Other than the valve issue the stove does indeed seem excellent. The added weight is always a concern – more weight is fine but only if there’s a benefit and time will tell if the Optimus Nova Plus is worth the extra weight. I still have reservations about working with fuel under pressure both from the potential for a seal to give up at an inconvenient time but also from the aspect of pure combustibility. However Multifuel stoves have been around for a long time and I’m assuming they are safe enough if used carefully.

I’m aiming for a night in the hills this weekend, I’ll report back after a proper test!

Update Sunday 03/02/2013

As promised, I took the stove plus Trangia Mini pot and pan on a recent bivvy in the Mournes and I must say, it performed well. I didn’t cook anything too exciting, just heating microwave rice with a sauce and boiling water for coffee but in both tests the stove was excellent. Fast to use, easy to adjust flame and minimum bother all round. It’s still much heavier than meths or ultralight gas alternatives but for speed and ease of use I’d highly recommend it. I didn’t get a chance to weigh it on my return but an estimate of 800g for stove + 300ml fuel  using 100ml per person per day does seem accurate, if anything the 100ml could be lower depending on complexity of food. Obviously I’m using a 400ml fuel bottle, if you wanted a bigger vessel then the weight would increase.

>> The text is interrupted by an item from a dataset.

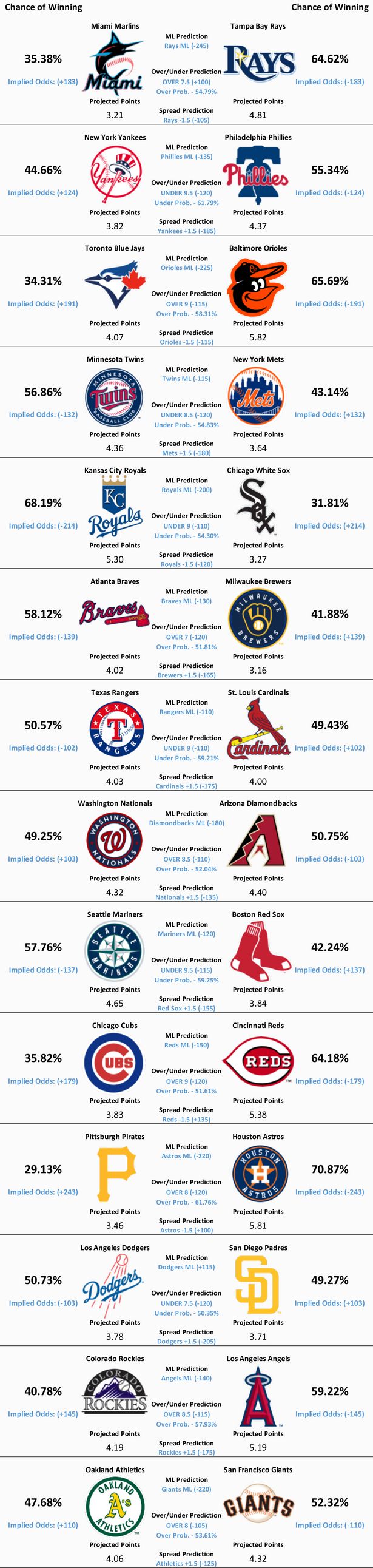 14 MLB games are scheduled to take place today. Our model’s predictions for all 14 matchups can be found below.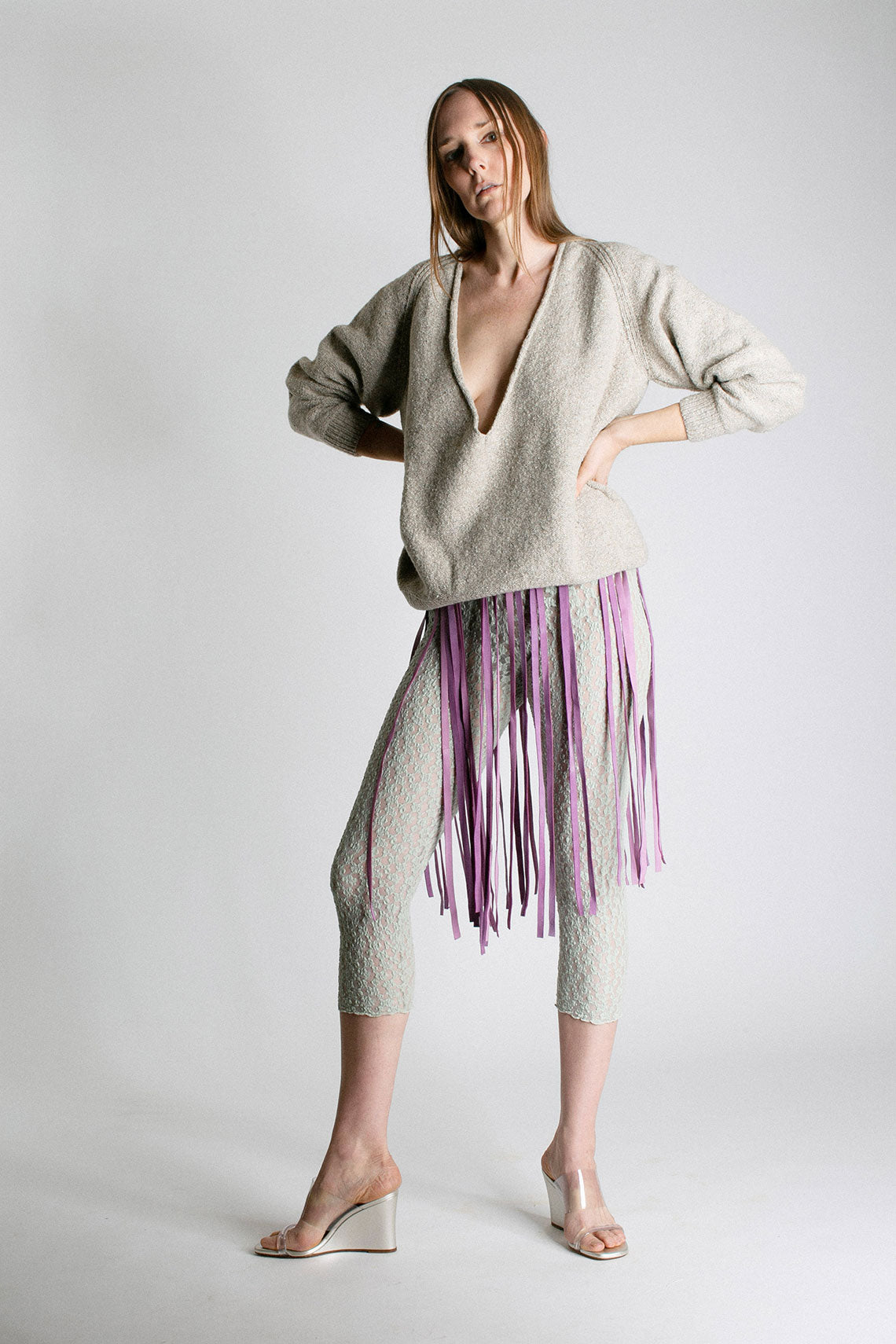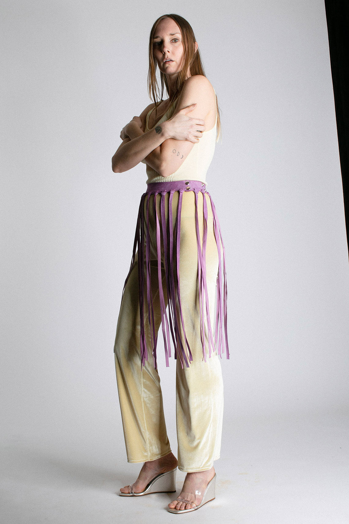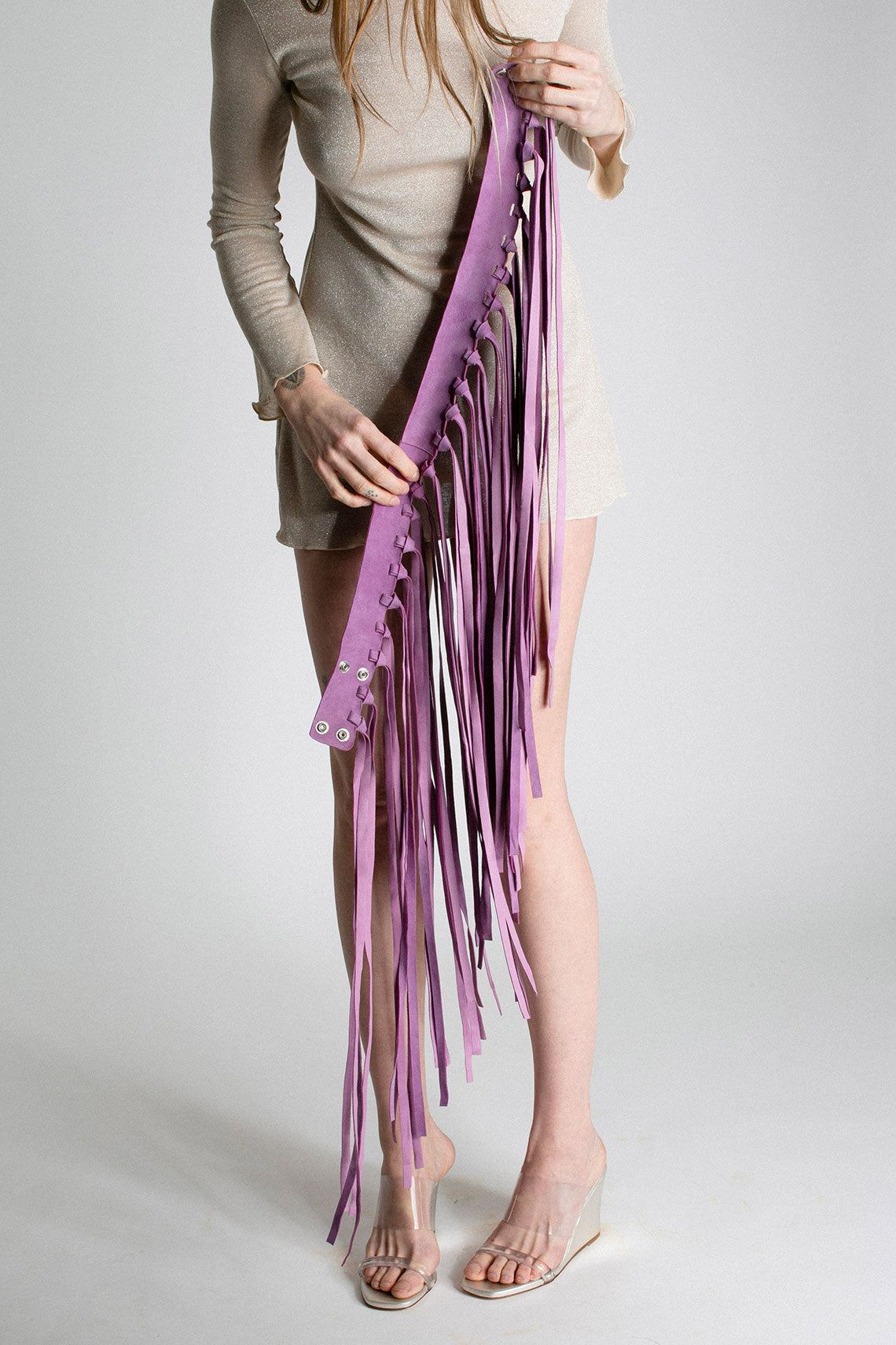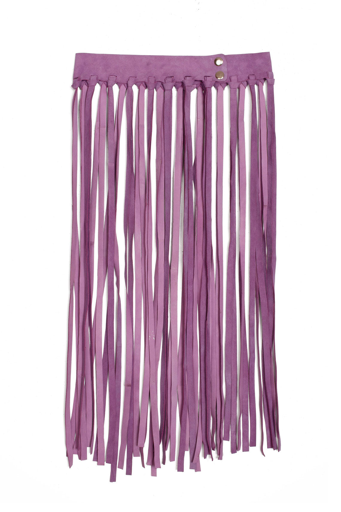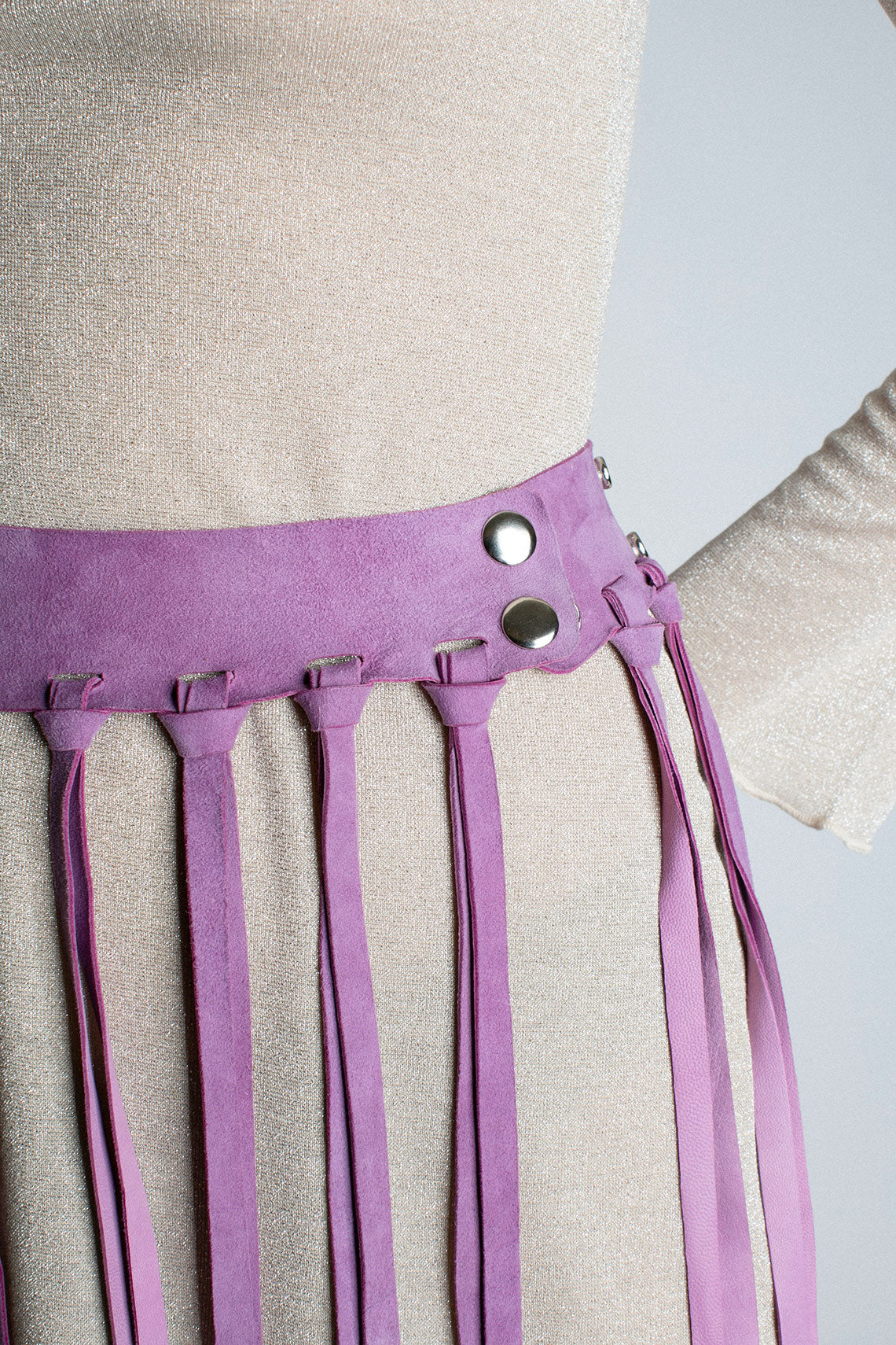 Soft lavender suede fringe belt with silver snaps. Hits at knee or just above. Fabric is 100% leather.

This entry was posted in Gear Reviews.

2 Responses to Optimus Nova Plus Multifuel Stove Review

  1. Maarten says:

    Bought this beautifully designed stove (Nova Plus) in august 2012 and took it on several long and short backpacking trips. It never burned steady, but pulsating. Simmering wasn’t as easy as claimed, stove went out or didn’t simmer. Tried everything from cleaning, pumping, replacing parts, white gas (I usually burn unleaded) nothing helps. As a proud owner of the optimus 8R Hunter and 111 Hiker I am seriously disappointed with this crappy piece of hardware. On my last trip in the north of Sweden it completely failed to function after 7 days. Despite of replacing nearly every part before I left and during the trip, I had to eat cold muesly, nuts, chocolate and tasteless emergency keks for three days.
    I returned the stove to my retailer, he has trouble to get thes optimus people to respond. Waiting for two weeks now.

  2. Adderhops says:

    I have been using this stove model for approximately four years and not have had any problems with it. Yes, operation of the regulator takes a bit of getting used to but after a few runs everything operates smoothly and the stove is highly efficient and superbly effective. I use the stove in its original compact and lightweight format and with a Trangia adaptor when I have the luxury of being able to carry extra kit e.g. On canoe trips.

    The stove can be adjusted to give a roaring high heat flame for rapid boiling to a fairly gentle simmer. I use unleaded petrol and regularly use the built-in jet cleaning ‘shuttle’ to maintain top performance. This is without doubt the best compact, powerful stove I have used and indeed seen. 10/10 for performance, portability and reliability.